Just a little free-form musing on tonight’s game. Some of this, I touched on in the game story. Some of it, I hashed out with people on Twitter. Some of it I’ve just thought about and not written anywhere tonight.
Boggs was available: Mitchell Boggs has been pitching really well lately, and he was available, or at least as far as Boggs himself knew, he was available. So while I harped a great deal on the fact that they ran through so many pitchers in the seventh and eighth, they did still have one fallback option for Franklin as things got away.
I think it’s clear that if Motte or McClellan hadn’t already pitched, one of them would have come in sooner. It’s equally clear that Fernando Salas isn’t going to pitch in that situation, nor is Adam Ottavino (if he was, in fact, available).
But Boggs was an option, and maybe a good one. Franklin was getting knocked around, and at some point, even as a courtesy to him, it seems you have to get him out of there.
This is Coors Field: TLR made a point, in response to his first postgame question, to note that games like this happen all over baseball, not just on Planet Coors. But boy are they more likely in Denver.
I got a question on Twitter tonight about whether he “managed desperately,” and some people raised the issue of why all of the best relievers were pitching in a four- and then seven-run game. The answer, in short, is that this is Coors Field. That’s how most managers manage here .You treat a four-run lead in Denver like a one- or two-run lead in some parks.
That showed when Franklin came in as early as he did. TLR knew this game was dangerous long before Franklin blew up.
The bullpen is not the problem: The most consistently effective, reliable unit of the 2010 Cardinals has been the bullpen. They’ve stayed healthy. They’ve been good. They’ve held leads. Tonight’s debacle did serious damage to the bullpen ERA, but before this game, it was second-best in the NL, behind only the Padres. They still have the fewest blown saves in the lead.
I figured the relief corps as an area of concern coming into the year. But the lefties have been solid, Franklin has been almost exclusively very good, McClellan is enjoying another good year and Motte and Boggs have emerged very nicely. The bullpen doesn’t need to be blown up. It just needs not to have more nights like Tuesday.

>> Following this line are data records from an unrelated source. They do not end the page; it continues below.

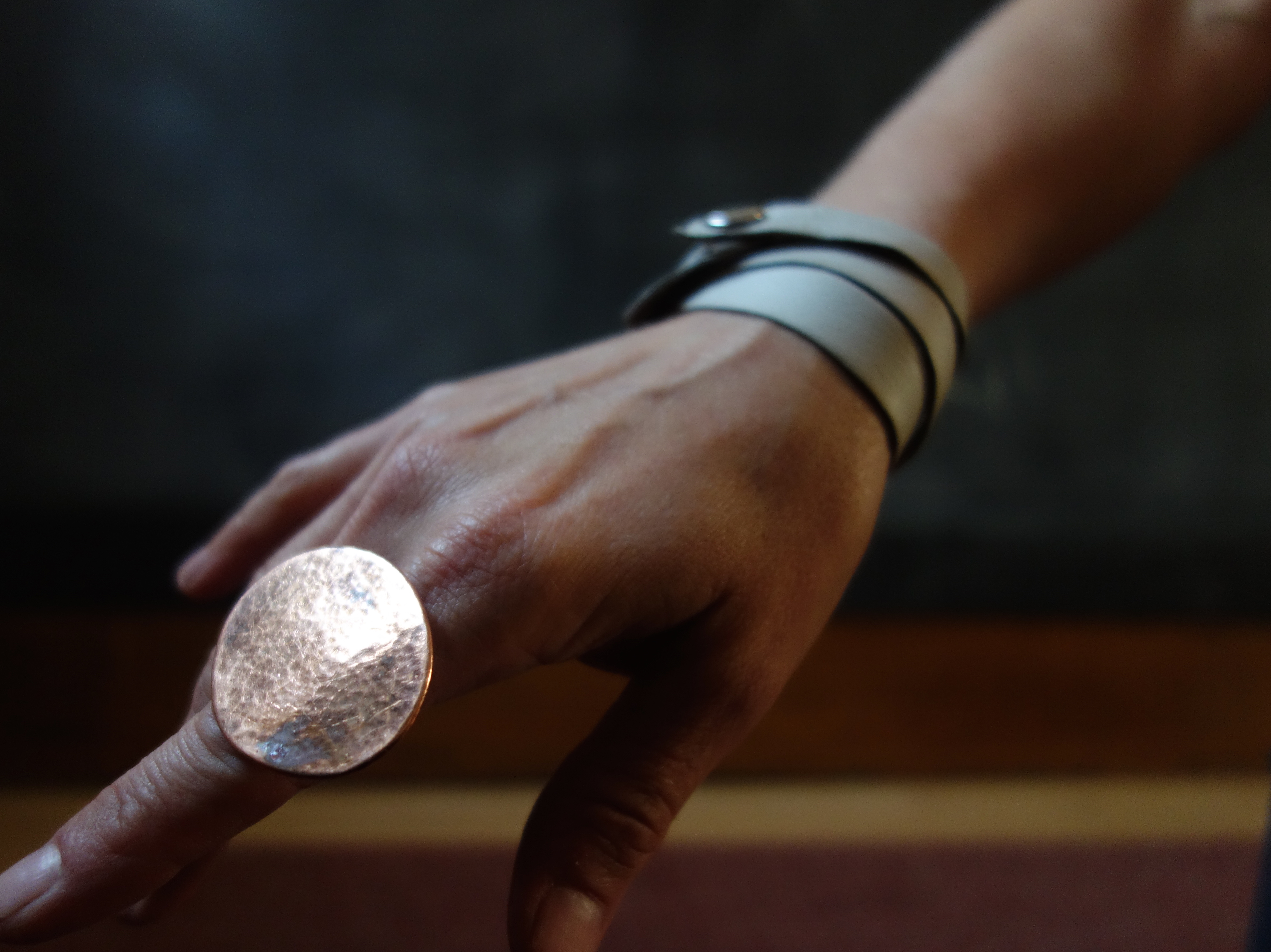 Check out how the copper is all pocked and lovely. Check out how it looks so completely at home and happy to be on a hand that’s slowly turning into the hand of a much older relative whose veins are popping out. You can see why the leather and the copper are the main things of my uniform.
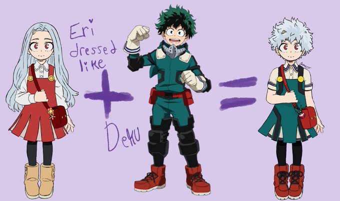 I'm drawing Eri from My Hero Academia dressing like the people who might interact with/inspire her the most. First one, of course, is Deku. Mirio is next and so on. #MyHeroAcademia #fanart
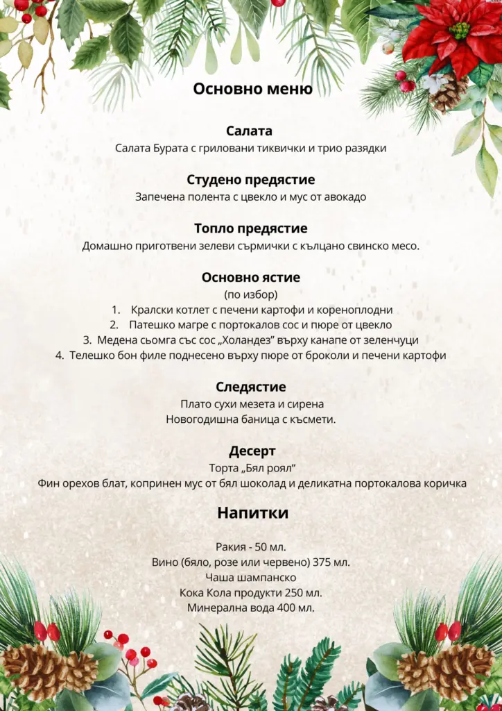 Подготвили сме ви специално музикално-артистично пътешествие с новогодишната програма и изискани кулинарни изненади, които се преплитат в незабравимо преживяване!
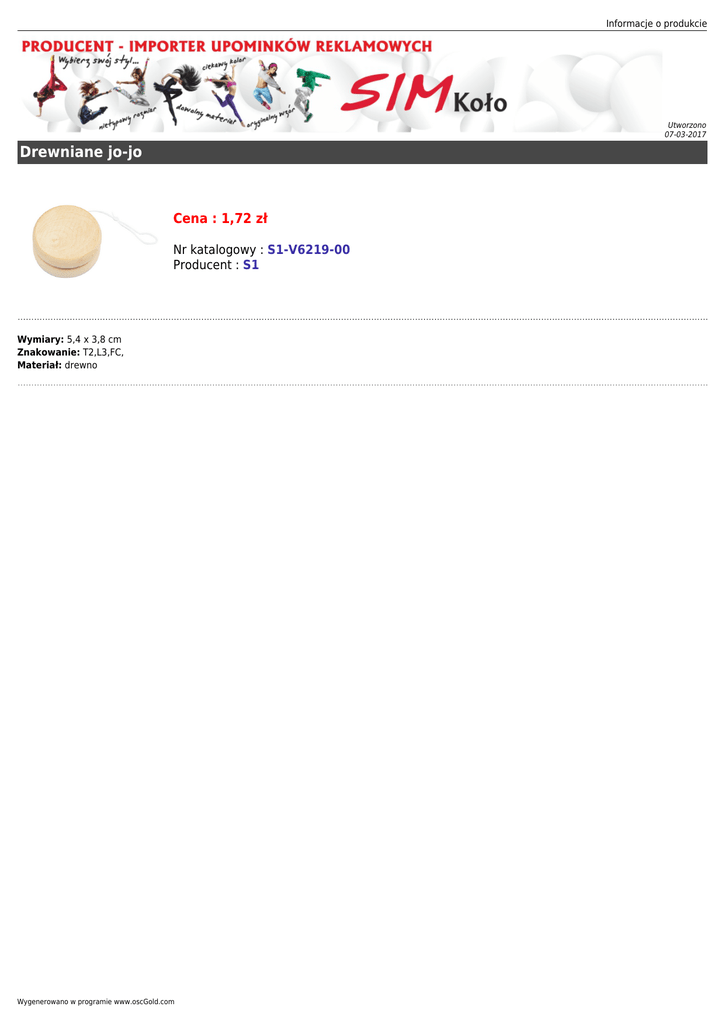 Informacje o produkcie Utworzono 07-03-2017 Drewniane jo-jo Cena : 1,72 zł Nr katalogowy : S1-V6219-00 Producent : S1 Wymiary: 5,4 x 3,8 cm Znakowanie: T2,L3,FC, Materiał: drewno Wygenerowano w programie www.oscGold.com
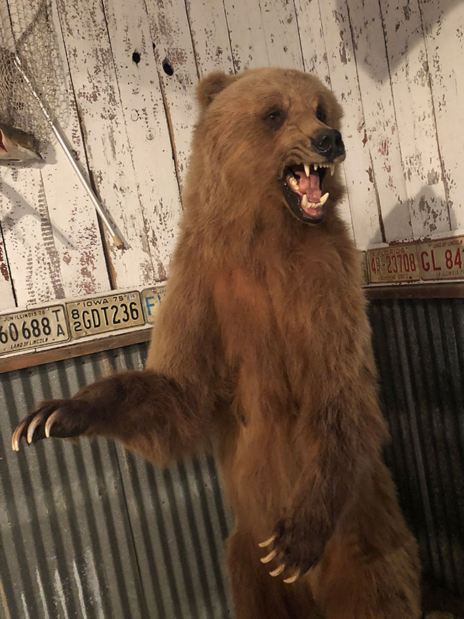 Once again, Russ had to drag me out kicking and screaming, as I wasn’t done, but we had more to see. This time, it was the group’s clubhouse/party place. The “barn” was originally, not surprisingly, a barn, that has been transformed by Scotty and the rest of the crew into a wonderful space for relaxing. The walls are filled with stuff (note to my mother: I think we have everything we need, but the barn and stuffed animals, to build something similar).
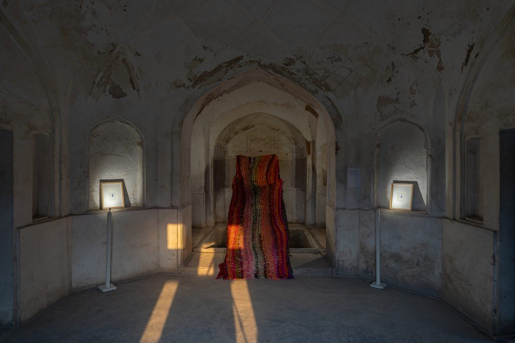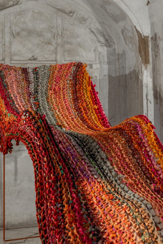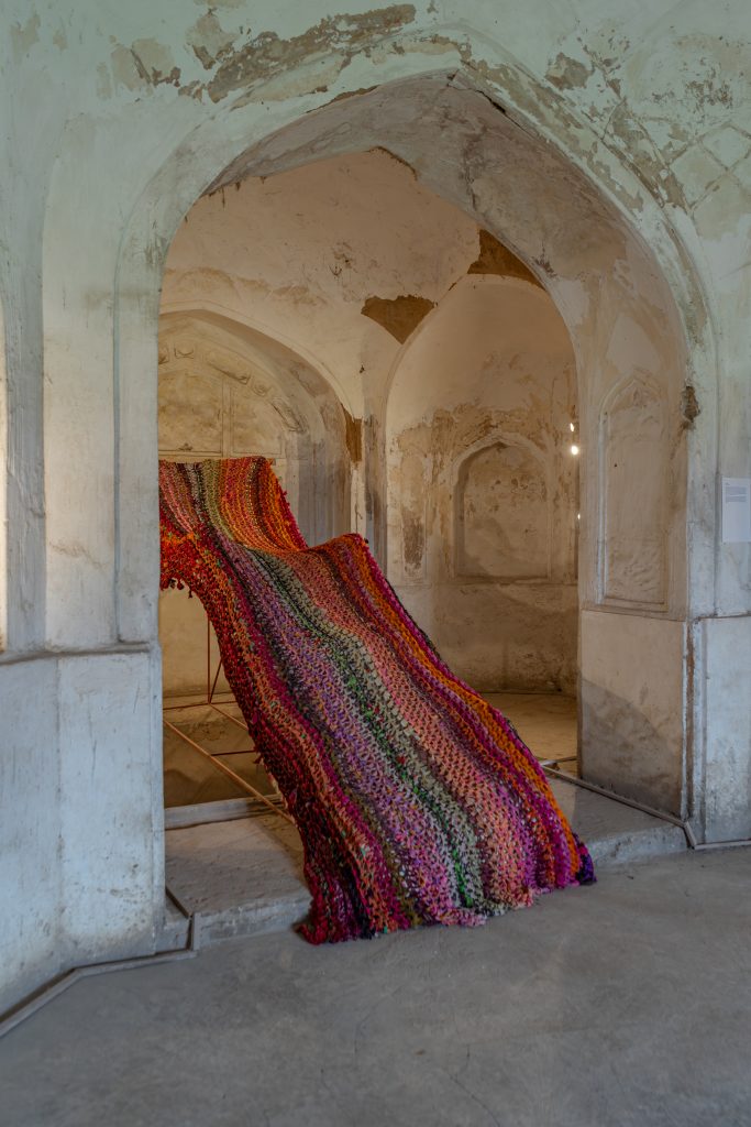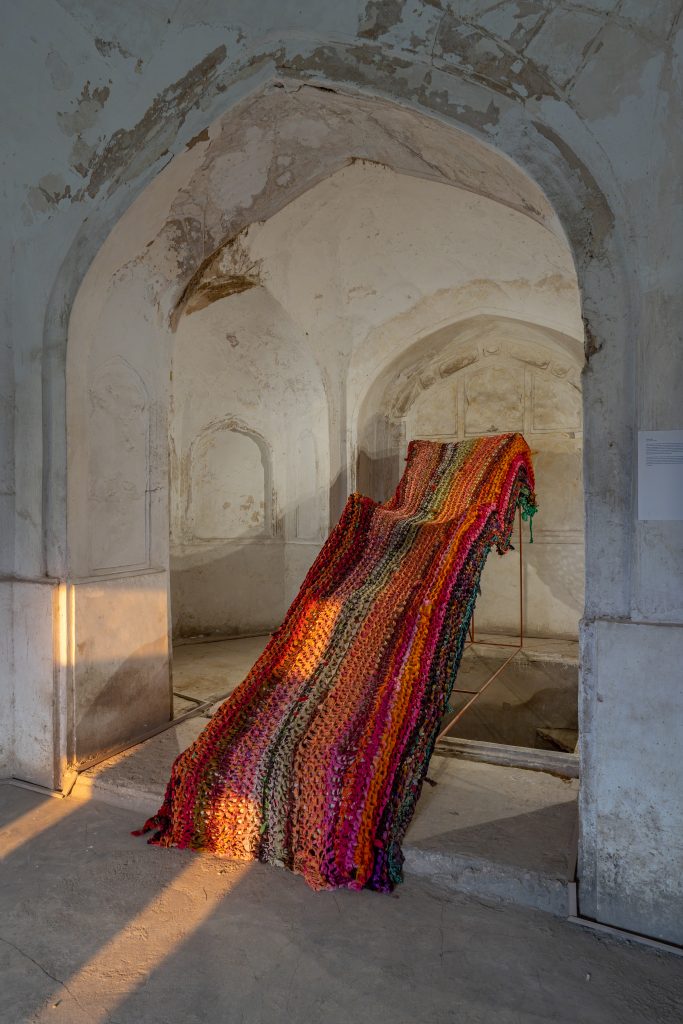 Meanwhile, Singh’s River of Sweat beckons beautifully in the Mughal splendor of Shalimar Garden Hammam, its weave a marvel of technique and painstaking labor. At the same time, its colorful strands have been constituted together from recycled sarees that would have otherwise ended up as landfill. The piece stands as a reminder of costs of fast fashion, the world’s second-largest polluting industry, for both the environment and craftspeople. In an era of insatiable consumerism, that garments, however beguiling, can entail what the artist has deemed a “river of blood, sweat, and tears.”
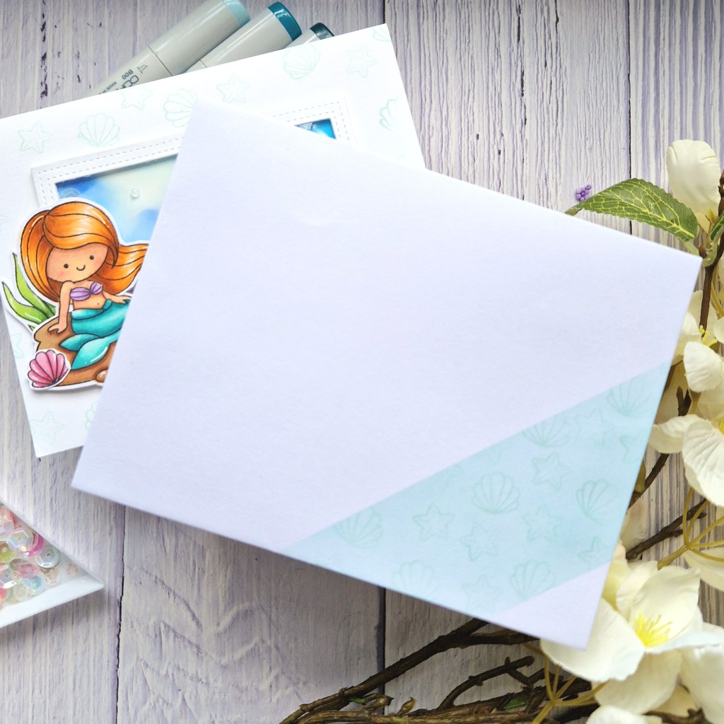 I decided to make a matching envelope, so masked off the envelope flap with Heffy Doodle tape, added some Sea Glass ink with a blender brush, then again stamped the starfish and seashell over the top. I did the same with a stripe masked off at an angle on the front of the card.
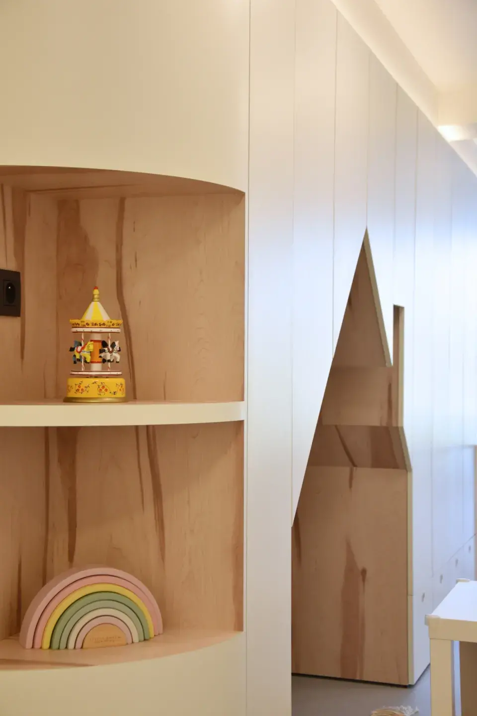 Een casco gelijkvloers werd ingericht als kinderdagverblijf “Kiddo”. De smalle, diepe ruimte werd omgevormd tot een aangename plek voor kinderen en opvoeders, met multifunctionele meubels en ronde koepels voor daglicht. Het maatwerk meubilair voldoet aan de normen van Kind & Gezin en biedt een kindvriendelijke en volwassen uitstraling.
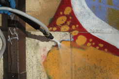 La speciale pistola sparando acqua a pressione (regolabile tra i 40 e i 130 bar) permette tramite l'utilizzo dell'effetto venturi di aspirare la quantità di carbonato necessaria a rimuovere qualsiasi tipo di graffito o sporco.
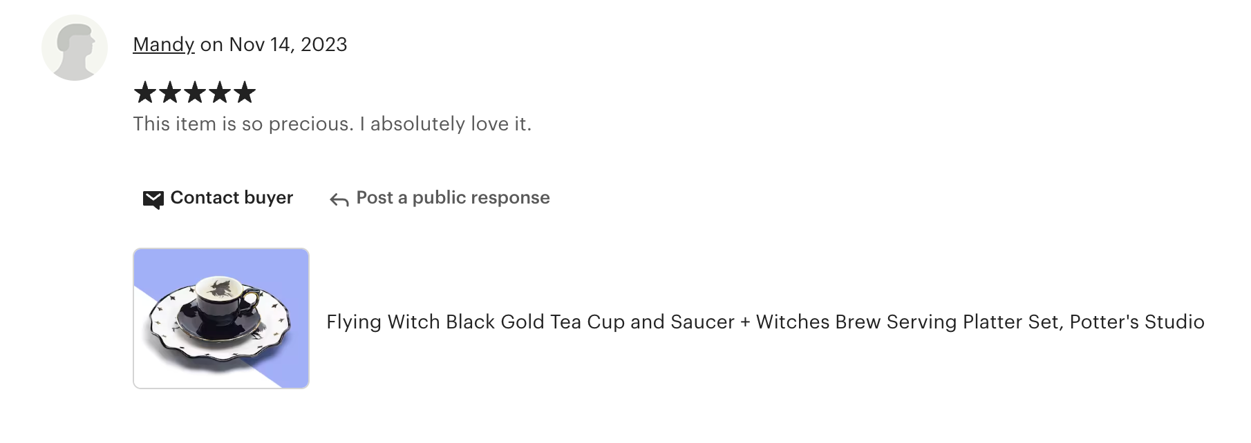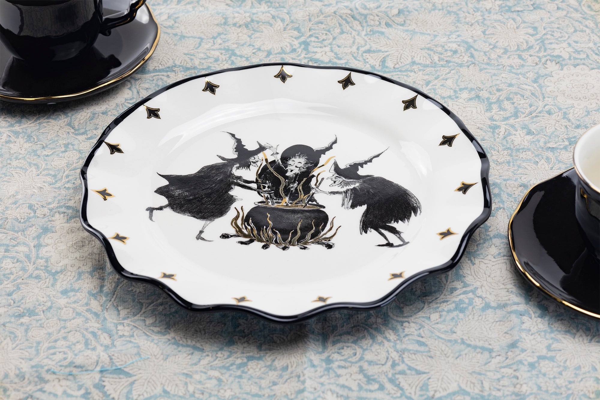 • Flying Witch Black Gold Tea Cup and Saucer + Witches Brew Serving Platter Set
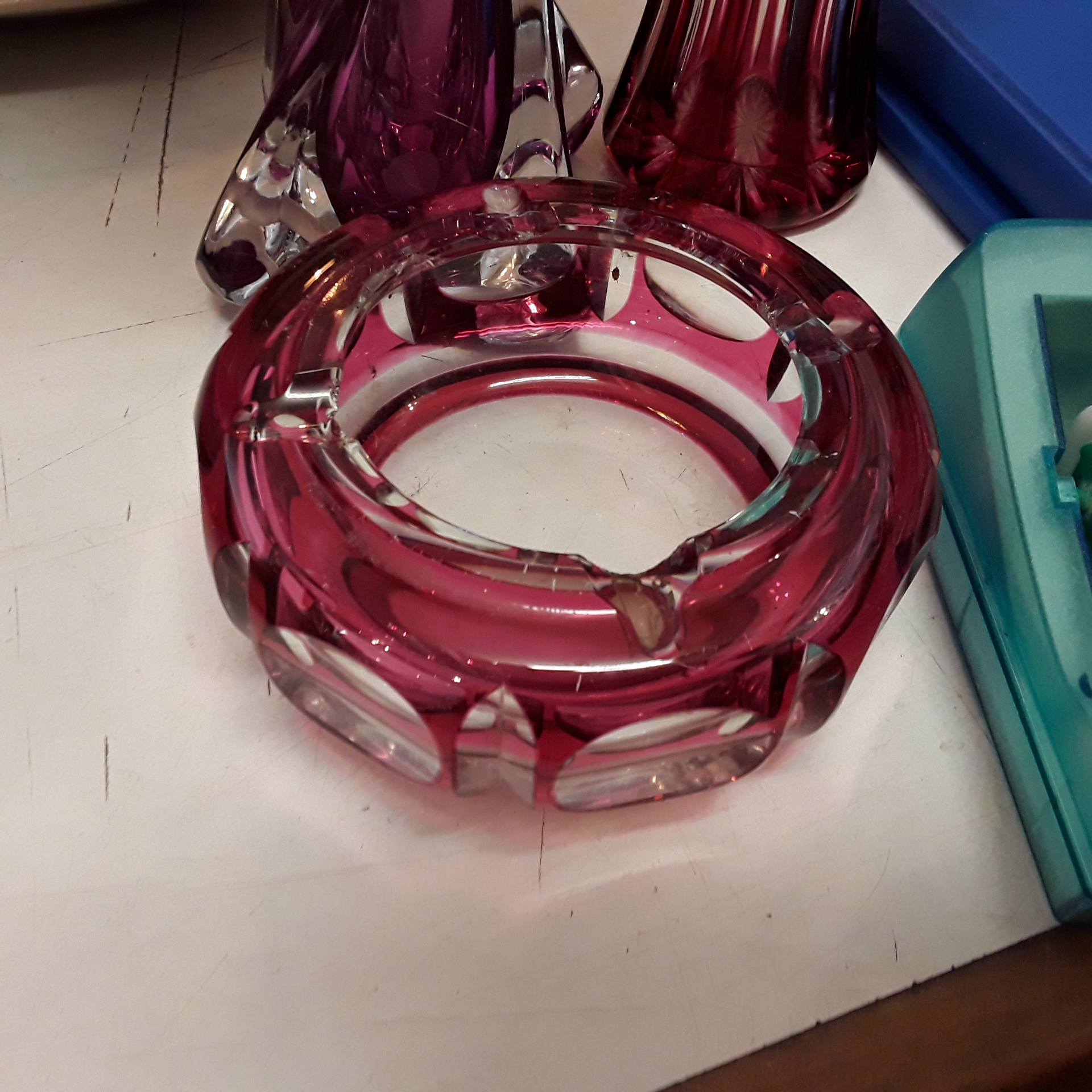 Cendrier Val st Lambert rose

About that Carlos Gonzalez single: I remain puzzled, and will ask tomorrow afternoon, about Randy Winn’s positioning on Carlos Gonzalez’s single. With two outs and a runner on third, and the Cardinals leading by two runs, Winn was playing extremely deep — almost at the warning track.
Gonzalez hit a flyball to fairly medium depth, and it dropped in front of Winn, scoring the eighth run.
To my mind, the biggest difference there is the difference between the out and a hit, not the difference between a single and a double. If, say, the tying or go-ahead run is on first, then sure, you want to avoid the extra-base hit. But Gonzalez himself was the tying run, in front of a power hitter in Jason Giambi. He’s also fast. So he’s essentially in scoring position if he gets on base at all.
So what you have to worry about, to me, is whether Gonzalez gets on base at all. You have to play for the out, even if it means risking extra bases. Or so it seems to me.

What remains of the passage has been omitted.